Figure 4 | Scientific Reports

Figure 4

From: Wide Field-of-View Fluorescence Imaging of Coral Reefs

Figure 4

Ambient light subtraction.

When imaging fluorescence during daytime, subtraction of the pixel values of an image that contains only ambient light from an image taken with the blue strobes on produces a derived fluorescence image, similar to a nighttime image taken directly with no ambient light. As the strobe duration is fixed (on the order of a few ms), increasing the exposure time increases the intensity of the ambient illumination in the image, while keeping the same fluorescence intensity. Thus, imaging the same scene with different shutter speeds allowed us to test how varying contamination levels from ambient light affected the resulting fluorescence image. In the daytime images shown, the shutter speed was 1/80s, three times the minimum possible shutter speed (1/250s), to allow high levels of ambient light in the image.

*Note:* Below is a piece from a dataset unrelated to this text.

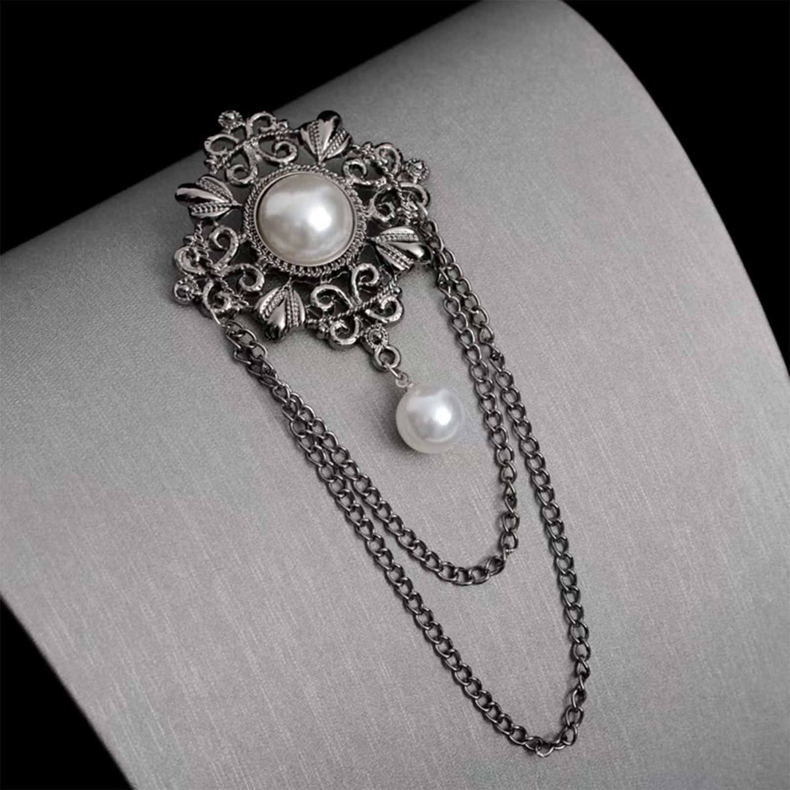 Elegante Brosche im viktorianischen Stil mit kunstvoll verzierten Ornamentdetails und einer zentralen Perlenkugel als Blickfang. Zwei feine Metallketten sowie ein zusätzlicher Perlenanhänger verleihen dem Accessoire eine edle, nostalgische Ausstrahlung. Perfekt als schmückender Akzent an Kleidern, Blusen, Mänteln oder festlichen Outfits – ein zeitloses Statementstück für besondere Anlässe.

For both these exposure times (1/80s and 1/250s) the accuracy of the ambient light subtraction method was 85% compared to nighttime GFP/CHL ratios for the coral on the left and 90% for the coral on the right. However, when the exposure time was increased to 1/50s the accuracies dropped significantly, suggesting that there was a point where the fluorescence values relative to ambient light dropped below noise levels. Images were taken in Bocas Del Toro, Panama at a depth of 5 m.